Однако страсть юной Мери к Рудольфу, похоже, выходила за рамки обычной любовной привязанности, она словно бы выражала общественные амбиции целого класса — буржуазии, оперившейся в монархии благодаря экономическому подъему, буржуазии не австрийской и не венгерской, а уже австро-венгерской. Этот вроде бы не пустивший глубоких корней новый класс, продвигаясь гигантскими рывками, овладел — в полном смысле этого слова — страной, империей. Нувориши строят железные дороги, они селятся на "императорских", то есть носящих имена эрцгерцогов и эрцгерцогинь проспектах сплошь по всей монархии — от Пешта, Кракова, Праги и даже Черновиц до их общего прототипа — венской Рингштрассе с ее наемными особняками; нувориши приобретают себе ранги и звания (по меньшей мере тайного советника), а их супруги осваивают еще не так давно считавшуюся аристократической привилегией моду, которая благодаря этому из чудачества и причуды вмиг превращается в крупнопромышленное предпринимательство, в неотъемлемый атрибут образа жизни целого класса — символ успеха, денег и власти. Но добиться истинной власти им все же не удается; они лишь нацепили на себя маскарадные костюмы и, опьяненные собственными успехами, кружатся в венском вальсе.

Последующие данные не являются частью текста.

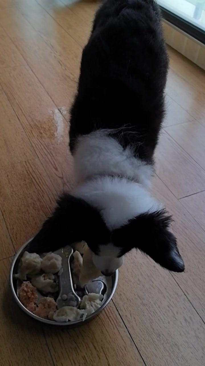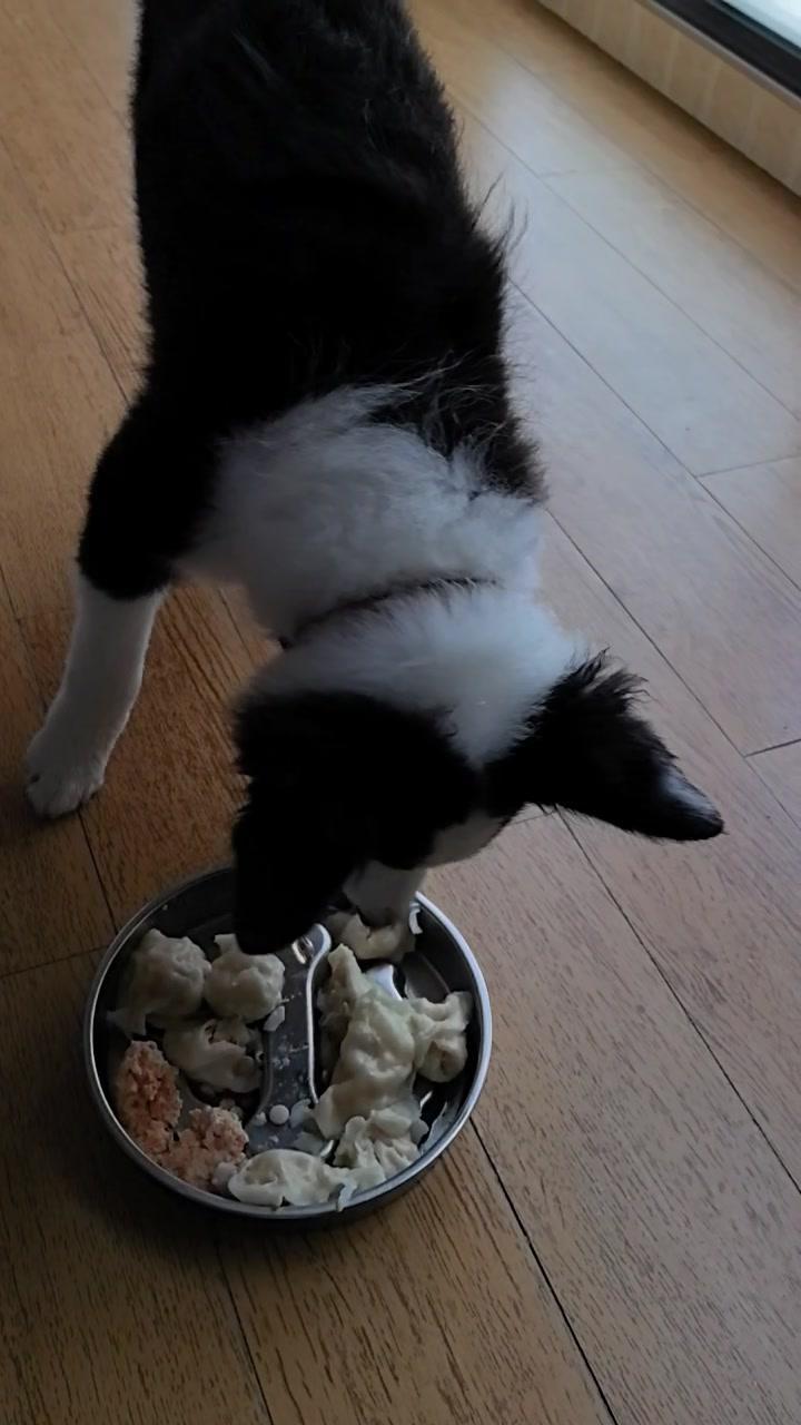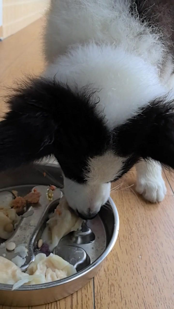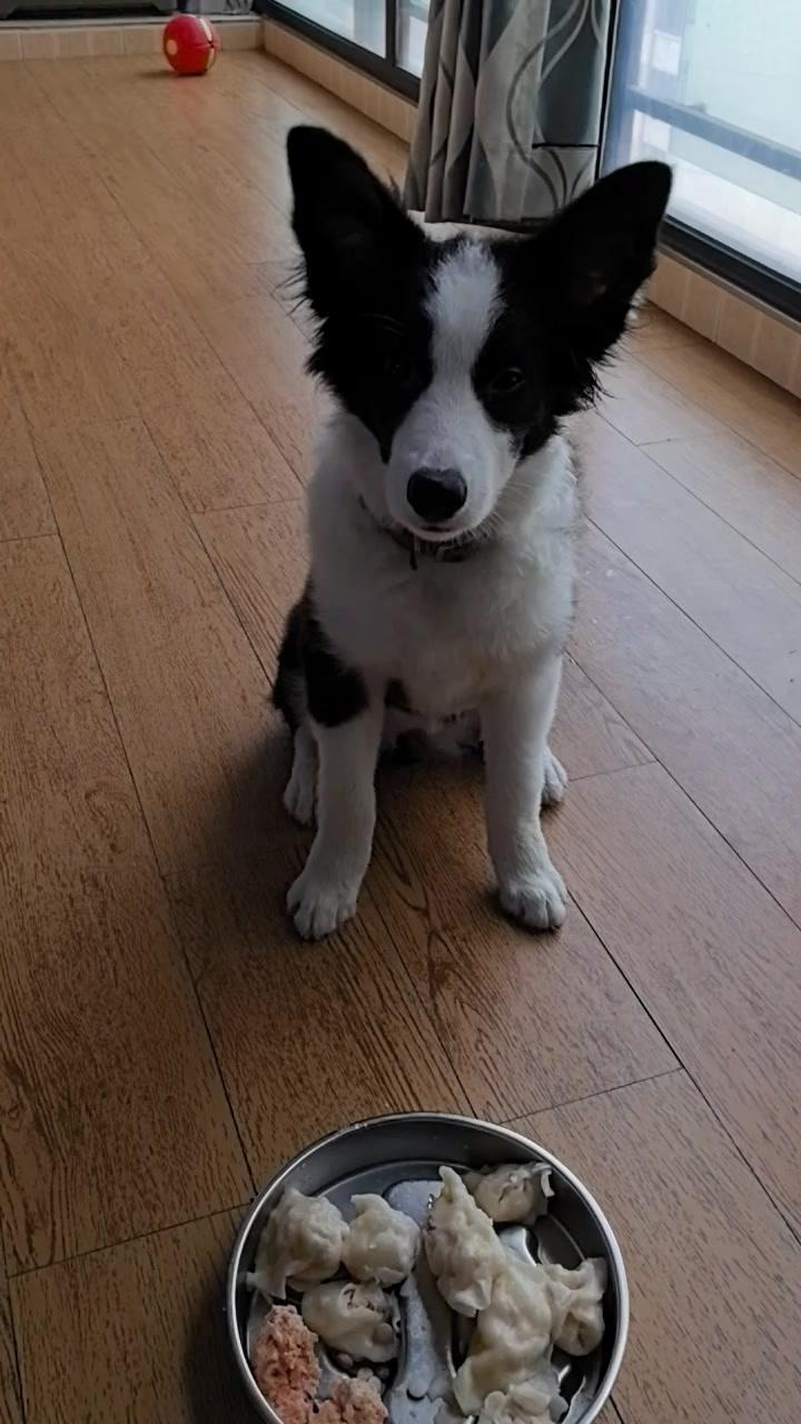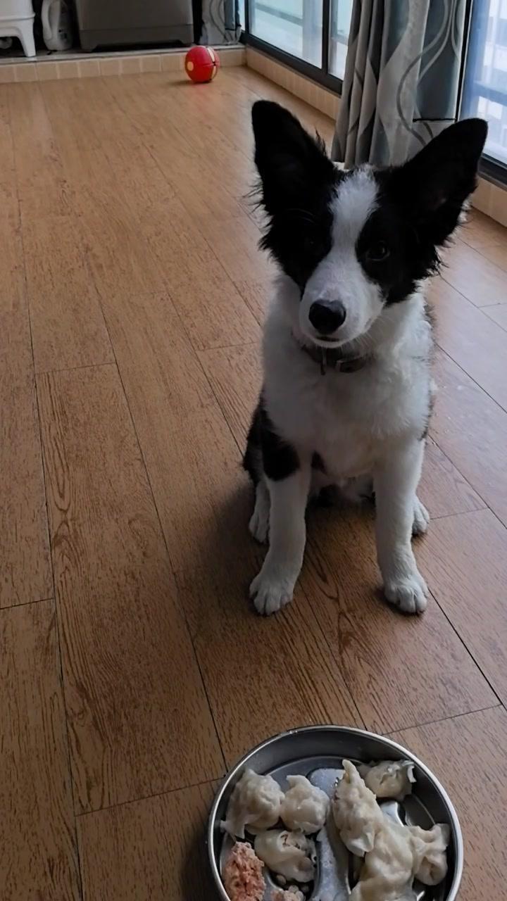 给边牧途途包了鸡肉胡萝卜馅饺子,看它吃得狼吞虎咽,一口一个,真是又可爱又让人着急

У Мери Вечера в генах был заложен инстинкт продвижения вверх. Это неимоверно яростное честолюбие было унаследовано ею как по отцовской, так и по материнской линии; оно и соединило обоих прадедов — менялу из Смирны и братиславского сапожника, которые, конечно же, при жизни никогда не встречались и лишь издали любовались сиянием императорской власти.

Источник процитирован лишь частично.